= Mumford River =

River in Massachusetts, United States

Mumford River's Capron Falls, which powered early Uxbridge mills

The Mumford River is an 18.3 mi river in south-central Massachusetts. It is a tributary of the Blackstone River.

The river rises from its headwaters in Sutton and Douglas at Manchaug Pond and flows east in a meandering path through a series of ponds (Manchaug, Stevens, Gilboa, Lackey, Whitins, just west of Whitinsville), and joins the Blackstone River in Uxbridge.

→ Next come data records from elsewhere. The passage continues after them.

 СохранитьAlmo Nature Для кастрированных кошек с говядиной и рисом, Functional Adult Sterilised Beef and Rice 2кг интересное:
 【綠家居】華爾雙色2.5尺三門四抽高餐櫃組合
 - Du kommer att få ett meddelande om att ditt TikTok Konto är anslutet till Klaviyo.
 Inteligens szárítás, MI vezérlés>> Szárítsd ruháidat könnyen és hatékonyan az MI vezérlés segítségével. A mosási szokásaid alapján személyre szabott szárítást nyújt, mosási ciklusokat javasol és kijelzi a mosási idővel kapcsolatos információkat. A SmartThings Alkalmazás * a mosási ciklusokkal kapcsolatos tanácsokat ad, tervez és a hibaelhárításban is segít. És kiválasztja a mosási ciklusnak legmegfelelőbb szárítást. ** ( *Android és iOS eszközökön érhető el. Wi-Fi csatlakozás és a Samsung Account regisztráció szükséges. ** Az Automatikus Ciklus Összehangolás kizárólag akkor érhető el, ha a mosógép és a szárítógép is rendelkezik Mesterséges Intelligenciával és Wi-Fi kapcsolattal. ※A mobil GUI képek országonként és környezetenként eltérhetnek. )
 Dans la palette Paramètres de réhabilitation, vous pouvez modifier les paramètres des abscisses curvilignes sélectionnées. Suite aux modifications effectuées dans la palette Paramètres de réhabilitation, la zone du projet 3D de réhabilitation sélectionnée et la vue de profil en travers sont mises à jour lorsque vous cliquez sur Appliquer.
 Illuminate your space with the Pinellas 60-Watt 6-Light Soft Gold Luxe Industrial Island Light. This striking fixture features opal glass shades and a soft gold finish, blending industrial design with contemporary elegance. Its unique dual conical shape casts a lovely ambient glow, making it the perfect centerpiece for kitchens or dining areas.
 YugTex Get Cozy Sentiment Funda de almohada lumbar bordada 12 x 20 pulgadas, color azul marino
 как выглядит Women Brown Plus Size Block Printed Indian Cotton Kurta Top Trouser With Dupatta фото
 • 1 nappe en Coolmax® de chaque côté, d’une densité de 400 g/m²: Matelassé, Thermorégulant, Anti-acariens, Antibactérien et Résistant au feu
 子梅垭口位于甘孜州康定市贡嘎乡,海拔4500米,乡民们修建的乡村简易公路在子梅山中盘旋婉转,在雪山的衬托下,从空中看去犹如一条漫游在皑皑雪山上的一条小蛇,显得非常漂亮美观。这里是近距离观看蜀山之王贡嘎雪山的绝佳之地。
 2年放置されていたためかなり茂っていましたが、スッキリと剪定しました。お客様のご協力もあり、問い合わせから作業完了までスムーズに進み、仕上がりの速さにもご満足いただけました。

The river was named for a hunter, named Mumford, at Mendon, who drowned in this river in the 17th century. This occurred before the towns through which this river flows were formed from Mendon. These towns include Douglas, Sutton, Northbridge, and Uxbridge. Mendon was first settled in 1660. This river was a source of water power for a number of mills and factories in America's earliest industrialization, in the historic Blackstone Valley. The Whitin Machine Works grew up at Whitinsville on the Mumford River, and was once the largest manufacturer of textile machines in the world. The Linwood Mill and the Crown and Eagle Mill at North Uxbridge also grew up on the Mumford, as did the historic Capron Mill at Uxbridge, and the Winfield Shuster Mill in East Douglas.